Given data –

--------------------

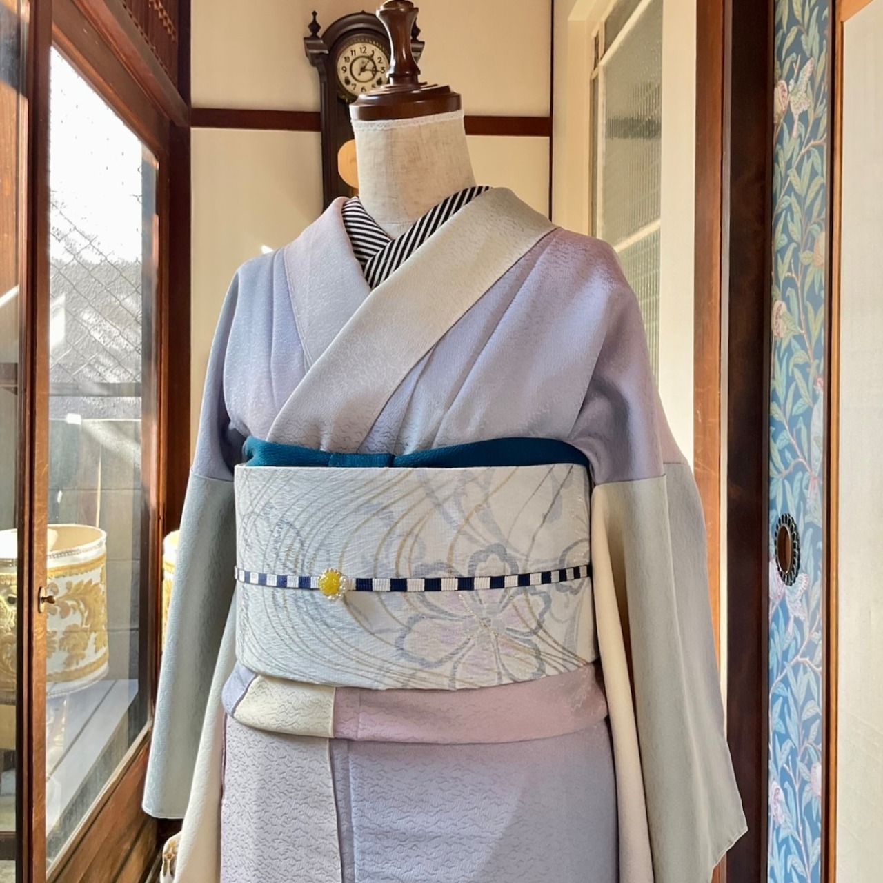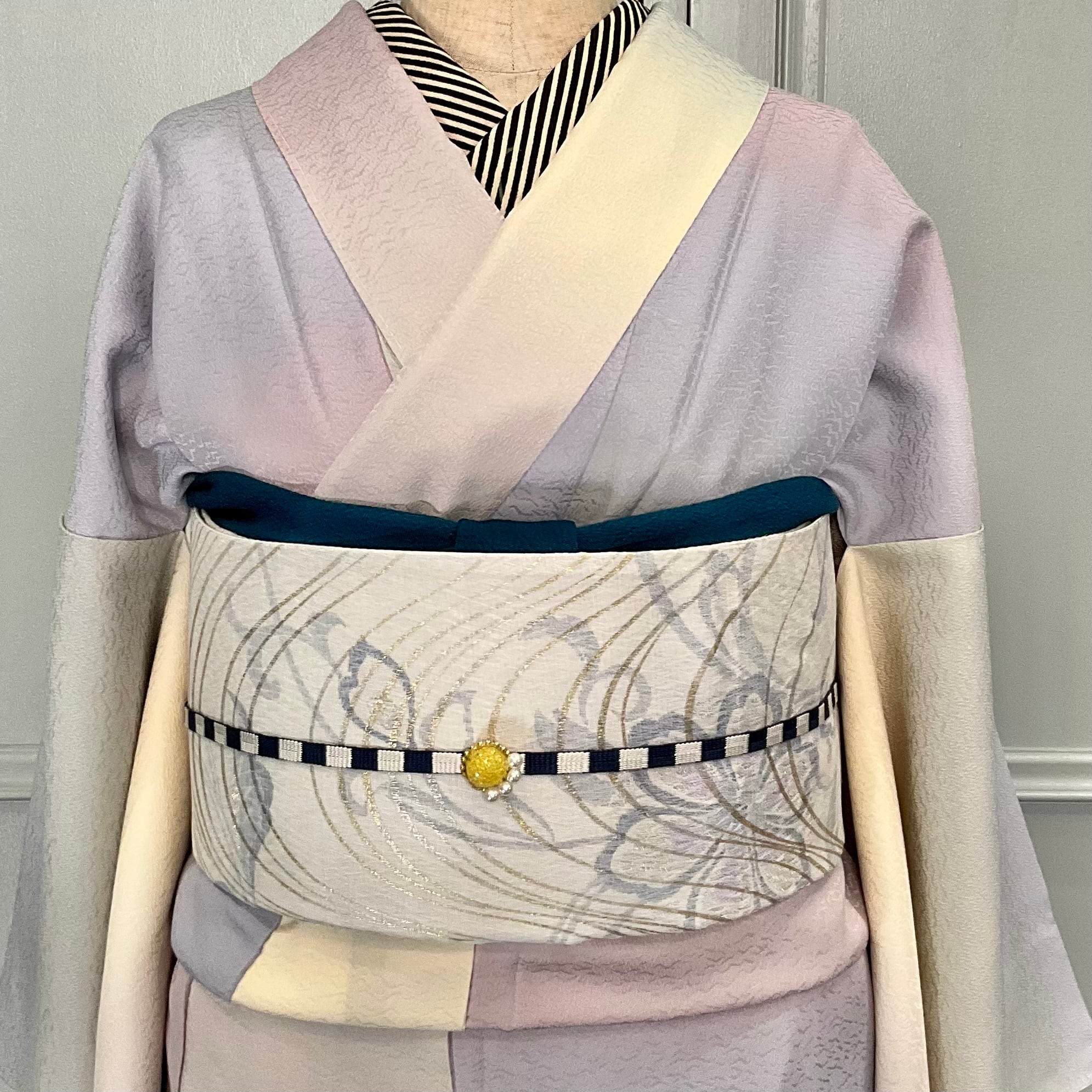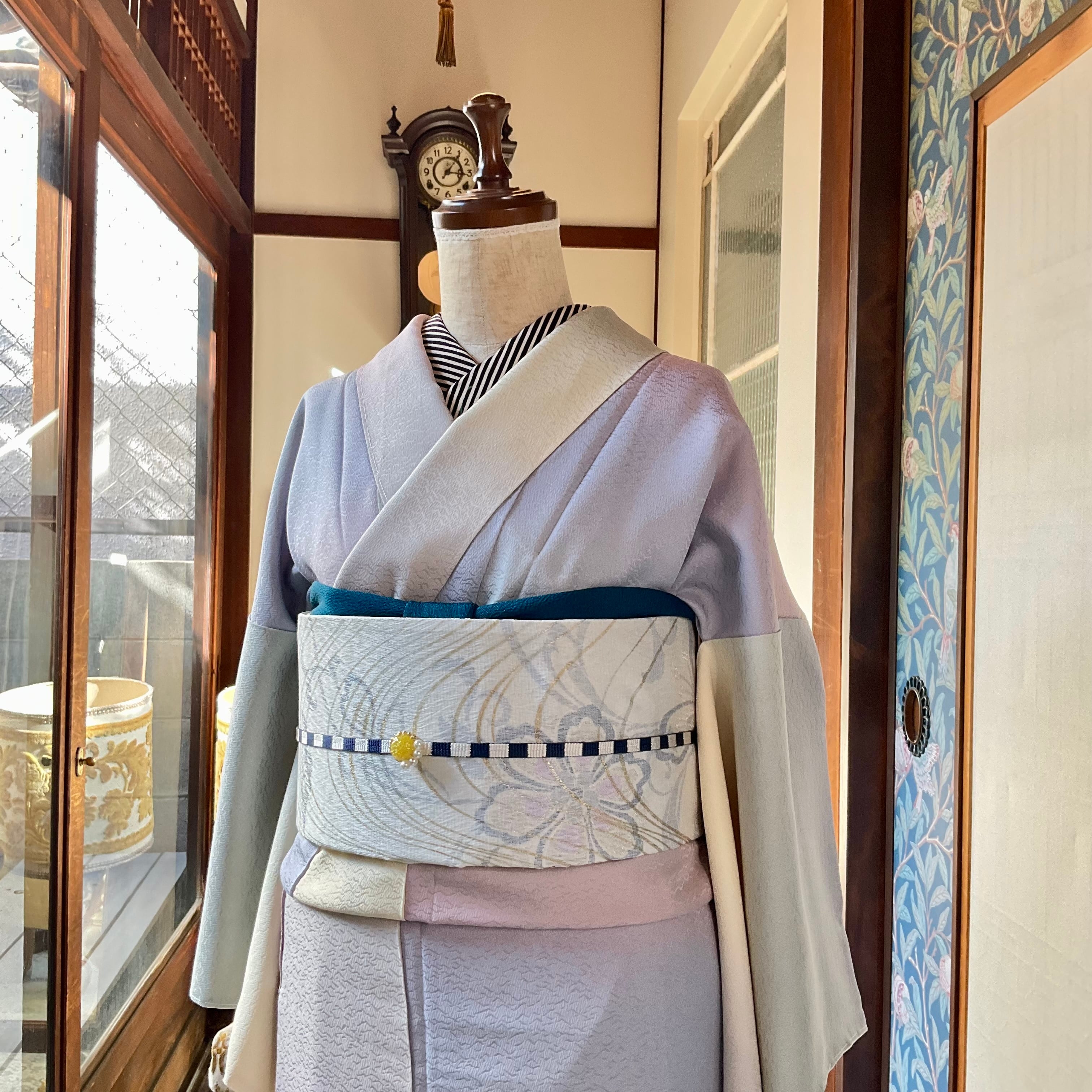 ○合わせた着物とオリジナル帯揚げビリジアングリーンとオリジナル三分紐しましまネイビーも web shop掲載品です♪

--------------------

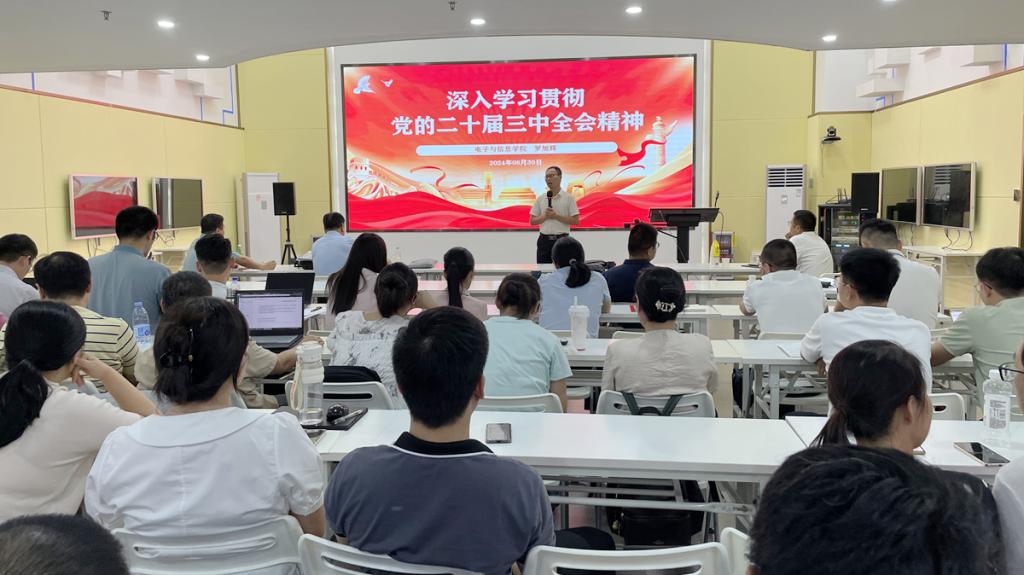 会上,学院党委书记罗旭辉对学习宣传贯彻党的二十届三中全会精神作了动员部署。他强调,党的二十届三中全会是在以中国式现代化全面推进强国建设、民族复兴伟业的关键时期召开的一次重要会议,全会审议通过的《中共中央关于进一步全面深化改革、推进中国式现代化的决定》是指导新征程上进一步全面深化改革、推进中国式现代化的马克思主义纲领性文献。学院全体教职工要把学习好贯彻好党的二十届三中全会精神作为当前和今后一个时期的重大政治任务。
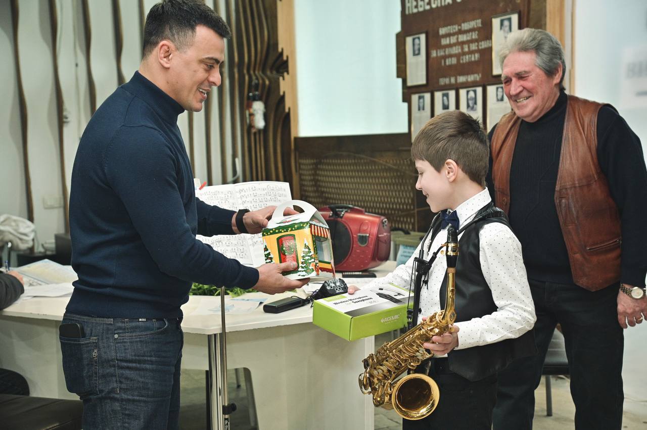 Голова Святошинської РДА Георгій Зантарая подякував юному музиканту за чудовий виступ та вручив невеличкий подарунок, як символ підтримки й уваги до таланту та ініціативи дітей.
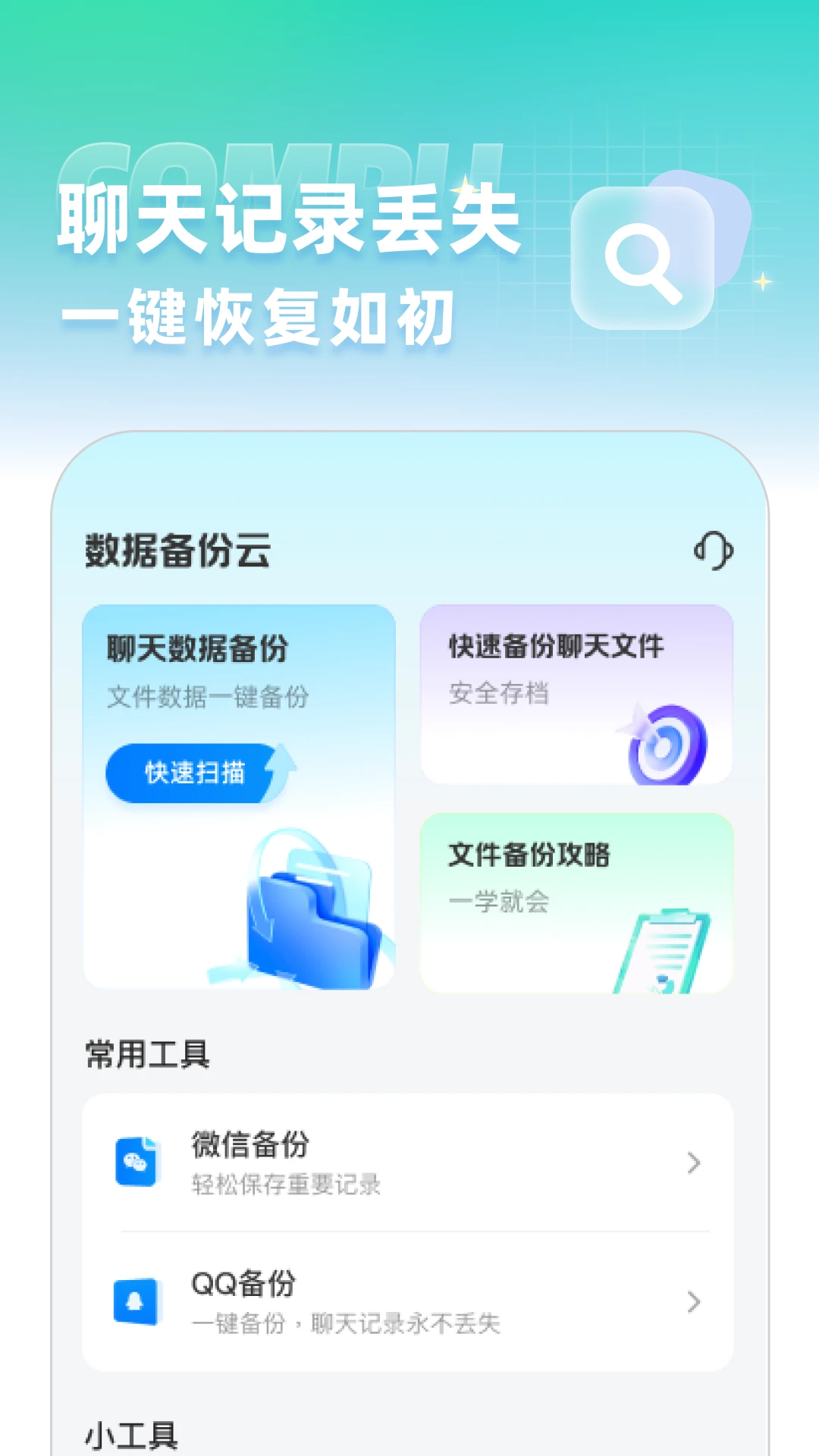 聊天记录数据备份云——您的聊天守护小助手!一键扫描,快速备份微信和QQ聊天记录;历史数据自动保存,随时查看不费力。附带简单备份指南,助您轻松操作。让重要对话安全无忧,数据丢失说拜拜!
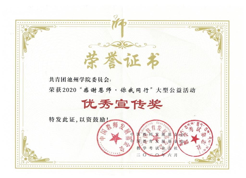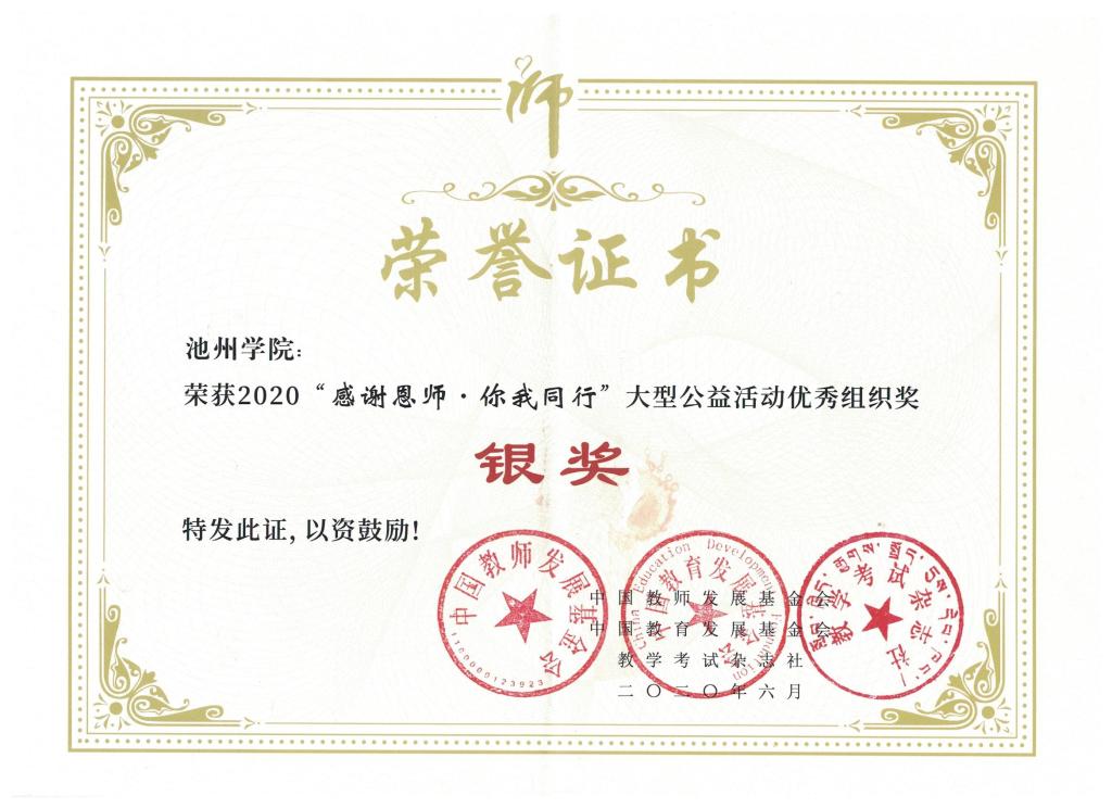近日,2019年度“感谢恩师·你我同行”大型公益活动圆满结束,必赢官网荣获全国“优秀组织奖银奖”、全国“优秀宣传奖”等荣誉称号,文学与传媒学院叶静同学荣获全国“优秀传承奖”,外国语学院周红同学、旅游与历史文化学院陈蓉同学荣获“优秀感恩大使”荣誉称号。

--------------------

The reply should hold the entries above from the line with "Голова Святошинської РДА" to the line with "聊天记录数据备份云——您的聊", duplicated exactly, pictures excluded.

Solution to the exercise –
 Голова Святошинської РДА Георгій Зантарая подякував юному музиканту за чудовий виступ та вручив невеличкий подарунок, як символ підтримки й уваги до таланту та ініціативи дітей.
 聊天记录数据备份云——您的聊天守护小助手!一键扫描,快速备份微信和QQ聊天记录;历史数据自动保存,随时查看不费力。附带简单备份指南,助您轻松操作。让重要对话安全无忧,数据丢失说拜拜!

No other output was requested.